Naquele momento em que me sinto tão só, visto-me de branco e sorrio a quem passa. Mas isso apenas aumenta a minha angústia, à medida que passam por mim carregadas de olhares hostis e desconfiados. Nos seus lábios palavras ficam por dizer. Não me questionam e parecem sentir-se aliviadas ao voltarem ao seu passo habitual... apressado... metronómico... escuro.
Um novo mundo chama-me para o Infinito por detrás de todo o conhecido, tal como o sorriso inocente de uma criança a quem é dado um doce. E de repente não estou só. Alguém me sorri, do outro lado da rua. Alguém que se esconde por detrás dos seus cabelos negros como a noite. Alguém que me observa com uns olhos de um verde intenso, com um sorriso enigmático.
Não tento alcançá-lo. Finalmente posso mergulhar no doce sorriso do céu. Ninguém repara na rapariga caída na rua. Todos seguem o seu caminho.
Quanto ao anjo... nunca ninguém se apercebeu da sua presença a não ser eu.

xangelxofxsadnessx

P.S - não sei o que significa... saiu-me. E o xangelxofxdarknessx foi só para utilizar a ideia do David x)

26.3.07

Back for good... I guess.

Começo das férias escolares, fim das blogs-holidays. Acho que vou entrar no meu período de descoberta e anti-socialismo (não, não sou assim todas as férias). Desliguei o telemóvel e hoje estou no MSN nem sei por alma de quem. Tenho vindo muito à Internet, para descarregar músicas do E-mule e para ver episódios dos Emo Rangers. Ando a estudar de perto as vivências Emo. De resto vejo a Mtv2, a Fox e blábláblá desporto e o caraças... (bloody diary!).

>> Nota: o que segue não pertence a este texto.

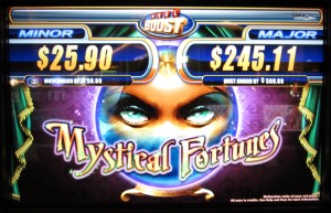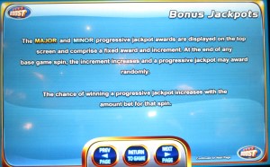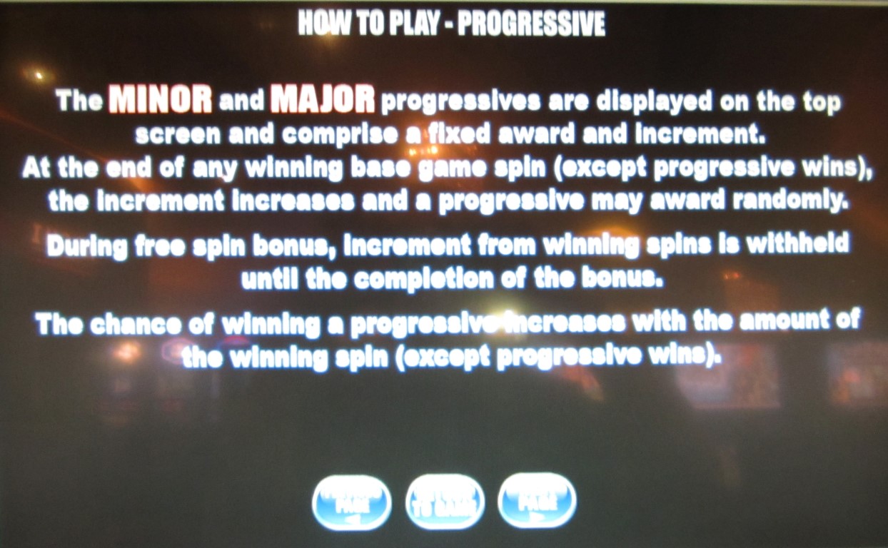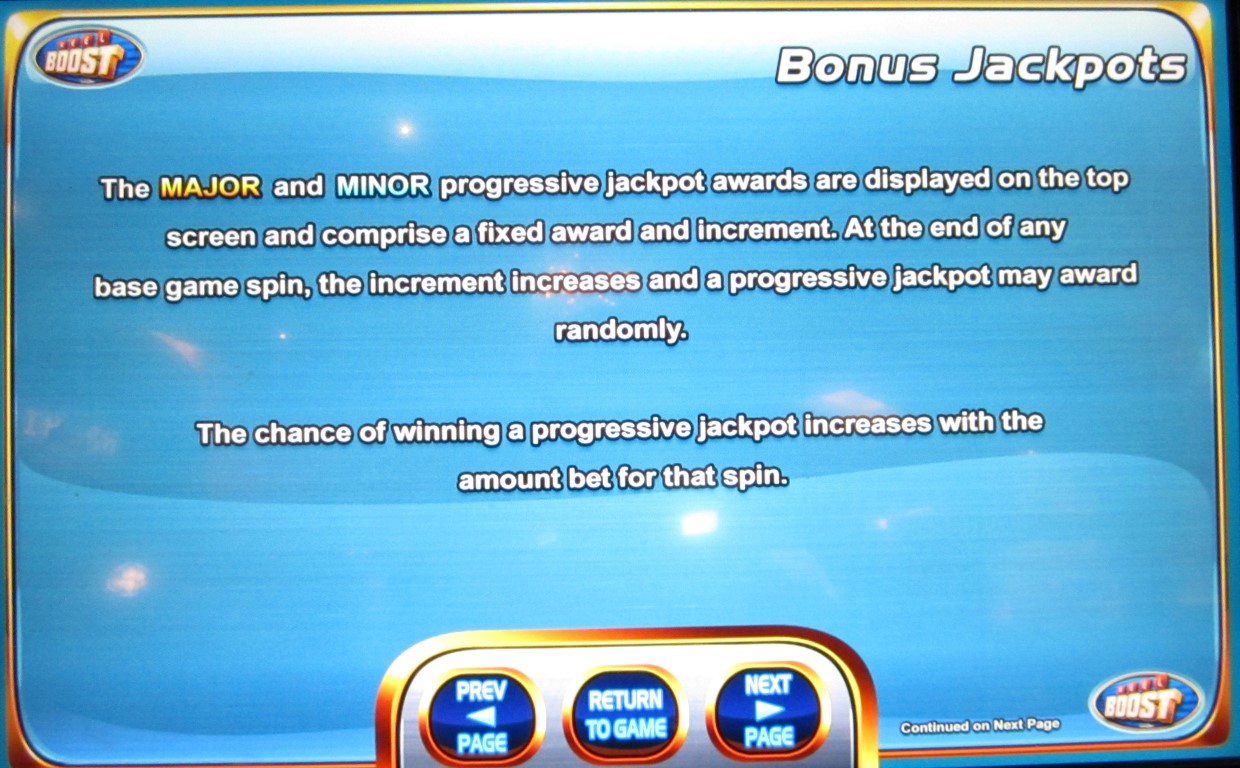 Насколько я понимаю, в играх WMS малый джекпот начинается с 25 долларов и должен быть выигран до достижения суммы в 50 долларов. Большой джекпот начинается с 200 долларов и должен быть выигран до достижения суммы в 500 долларов. Судя по моей собственной игре, темп увеличения счетчика составляет 0,00582 от выигранной суммы.

Os assuntos escasseiam cada vez mais. Pitas... muito explorado. Emos... muito gozado (e eu gosto deles, não me vou pôr a gozar). Moda... muito inconstante.

Acho que vos podia falar do meu mais recente ídolo: Kieren Webster! :D Mas não... poupo-vos à minha insanidade mental.

Sim, mudou a hora. E o tempo está... escuro. Suponho que esteja frio. Oh, fuck off! Talvez volte em breve com melhores assuntos... talvez depois de visitar Barcelona.